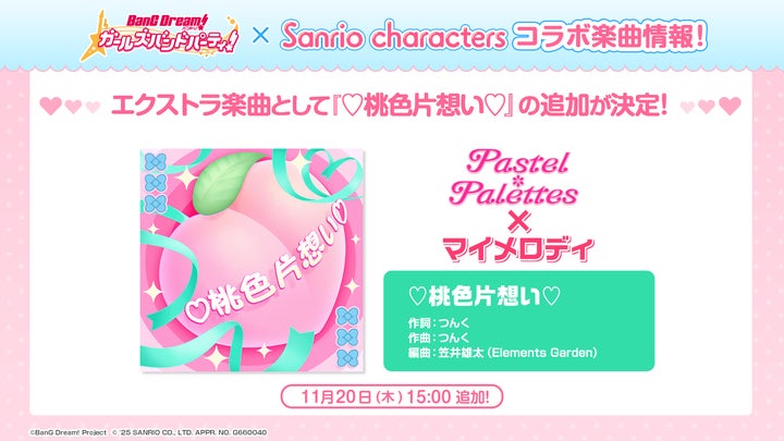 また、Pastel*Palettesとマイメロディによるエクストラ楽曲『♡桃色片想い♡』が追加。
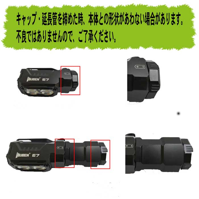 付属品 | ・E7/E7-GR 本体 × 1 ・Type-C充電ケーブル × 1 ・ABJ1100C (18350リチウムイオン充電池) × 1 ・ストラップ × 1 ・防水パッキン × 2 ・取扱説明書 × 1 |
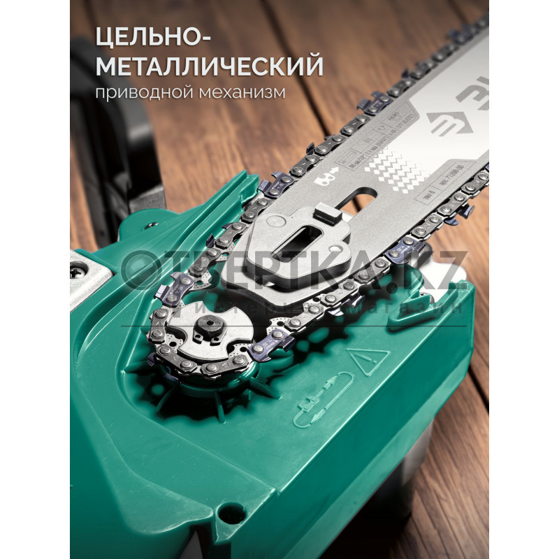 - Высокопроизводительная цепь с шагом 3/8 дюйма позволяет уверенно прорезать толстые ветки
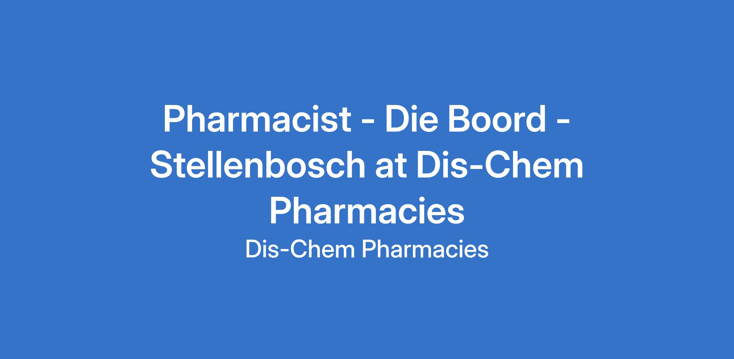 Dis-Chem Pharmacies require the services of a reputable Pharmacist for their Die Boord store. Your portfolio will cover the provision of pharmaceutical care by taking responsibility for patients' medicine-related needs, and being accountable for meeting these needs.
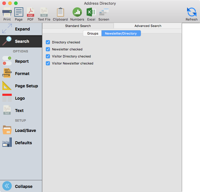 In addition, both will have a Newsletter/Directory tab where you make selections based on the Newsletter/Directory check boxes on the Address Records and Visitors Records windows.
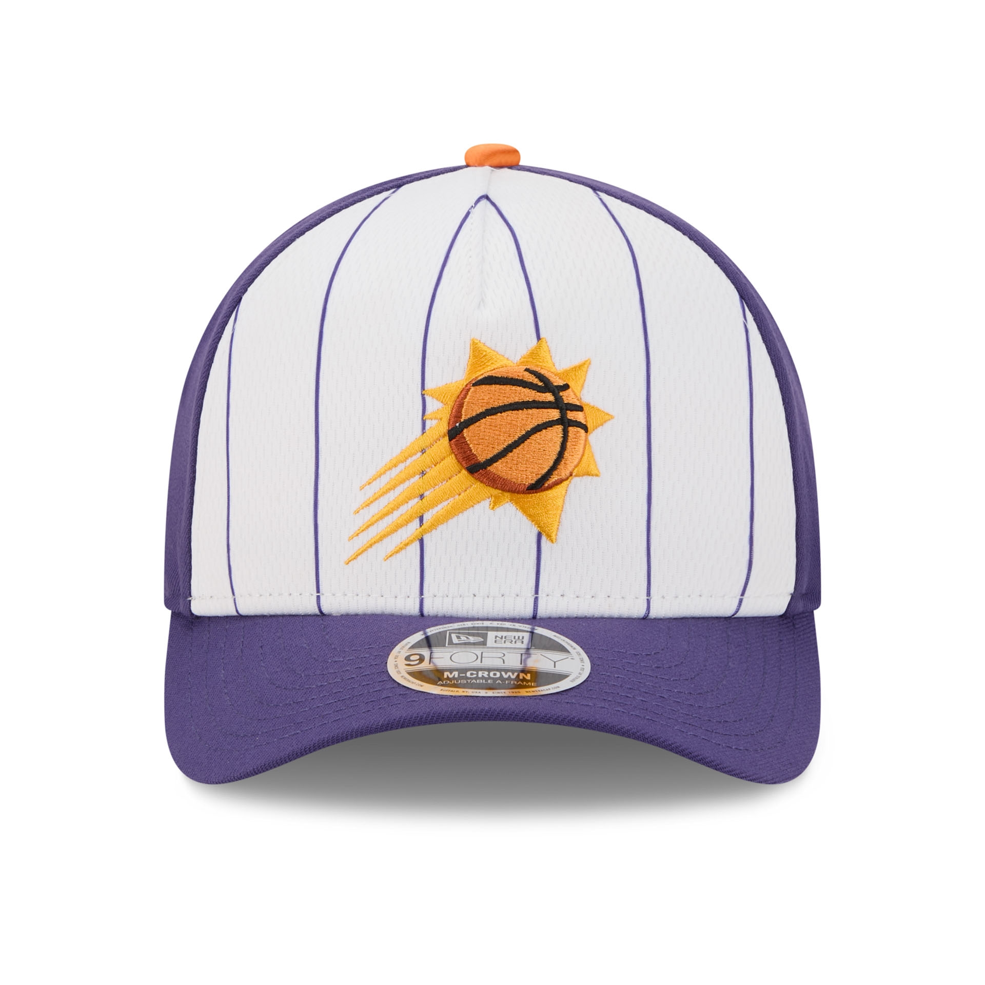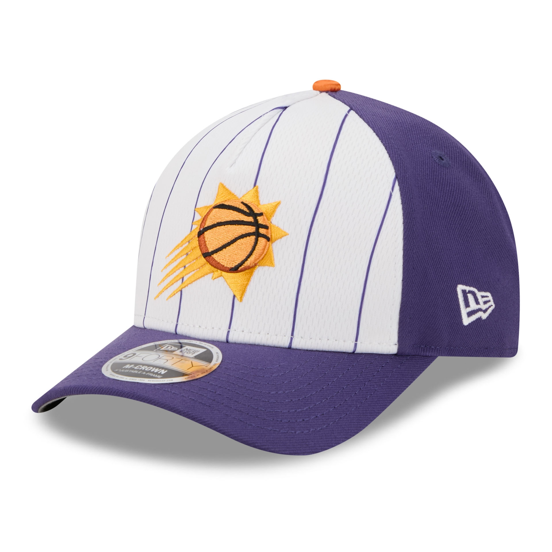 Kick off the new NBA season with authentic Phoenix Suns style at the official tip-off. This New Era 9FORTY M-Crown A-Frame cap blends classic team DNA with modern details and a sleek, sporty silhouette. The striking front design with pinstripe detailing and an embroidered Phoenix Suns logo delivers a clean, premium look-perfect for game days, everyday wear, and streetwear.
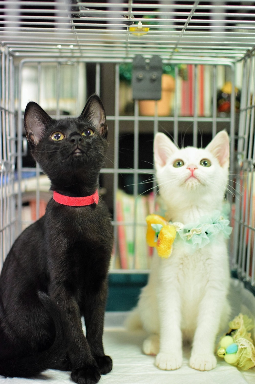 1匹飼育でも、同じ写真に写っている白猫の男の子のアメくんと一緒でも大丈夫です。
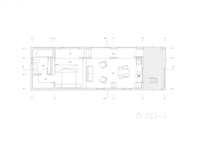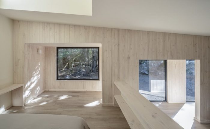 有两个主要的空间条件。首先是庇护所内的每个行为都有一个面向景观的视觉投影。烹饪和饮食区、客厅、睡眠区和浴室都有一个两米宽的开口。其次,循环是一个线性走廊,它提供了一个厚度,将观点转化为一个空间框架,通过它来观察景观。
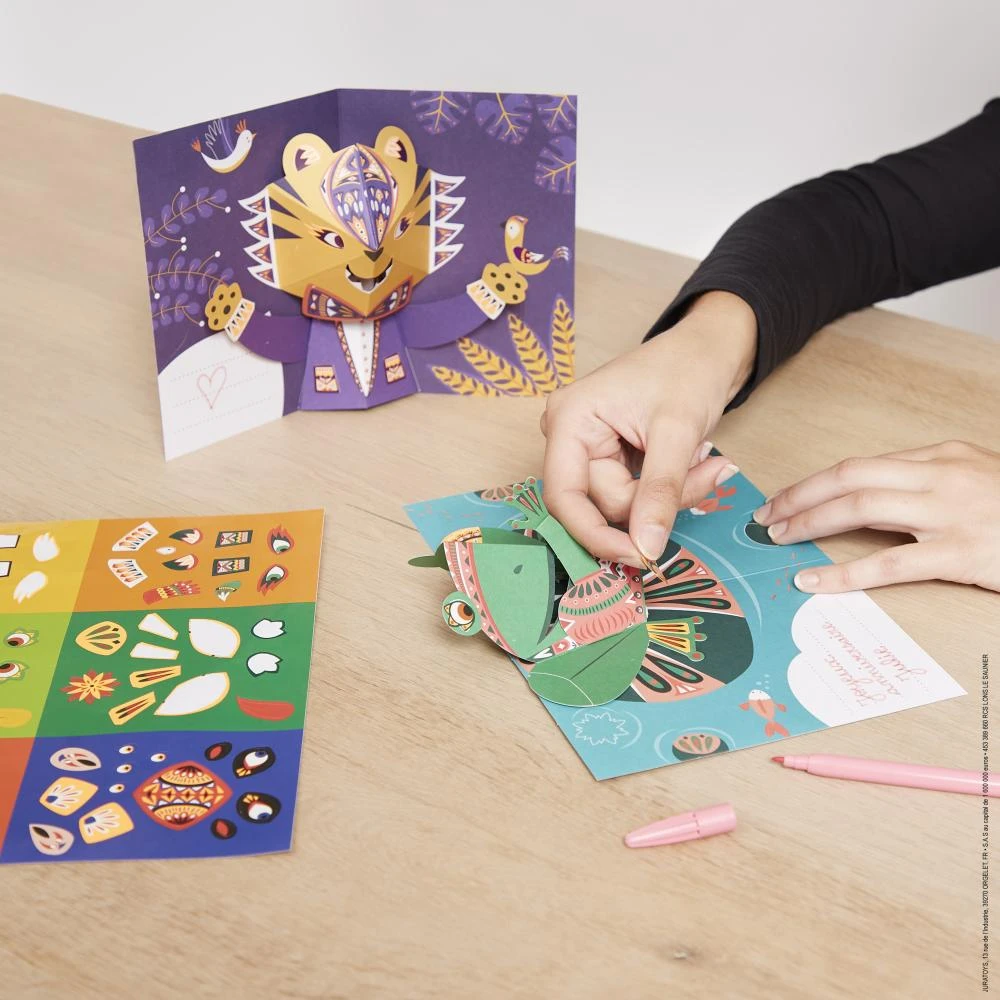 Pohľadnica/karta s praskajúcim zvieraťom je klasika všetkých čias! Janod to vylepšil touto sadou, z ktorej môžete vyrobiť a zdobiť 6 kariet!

____________

TASK GOAL = Could you give again precisely the lines from the one containing "Dis-Chem Pharmacies require" through the final line of the material above, both included, and no others, dropping the pictures?

TASK RESULT =
 Dis-Chem Pharmacies require the services of a reputable Pharmacist for their Die Boord store. Your portfolio will cover the provision of pharmaceutical care by taking responsibility for patients' medicine-related needs, and being accountable for meeting these needs.
 In addition, both will have a Newsletter/Directory tab where you make selections based on the Newsletter/Directory check boxes on the Address Records and Visitors Records windows.
 Kick off the new NBA season with authentic Phoenix Suns style at the official tip-off. This New Era 9FORTY M-Crown A-Frame cap blends classic team DNA with modern details and a sleek, sporty silhouette. The striking front design with pinstripe detailing and an embroidered Phoenix Suns logo delivers a clean, premium look-perfect for game days, everyday wear, and streetwear.
 1匹飼育でも、同じ写真に写っている白猫の男の子のアメくんと一緒でも大丈夫です。
 有两个主要的空间条件。首先是庇护所内的每个行为都有一个面向景观的视觉投影。烹饪和饮食区、客厅、睡眠区和浴室都有一个两米宽的开口。其次,循环是一个线性走廊,它提供了一个厚度,将观点转化为一个空间框架,通过它来观察景观。
 Pohľadnica/karta s praskajúcim zvieraťom je klasika všetkých čias! Janod to vylepšil touto sadou, z ktorej môžete vyrobiť a zdobiť 6 kariet!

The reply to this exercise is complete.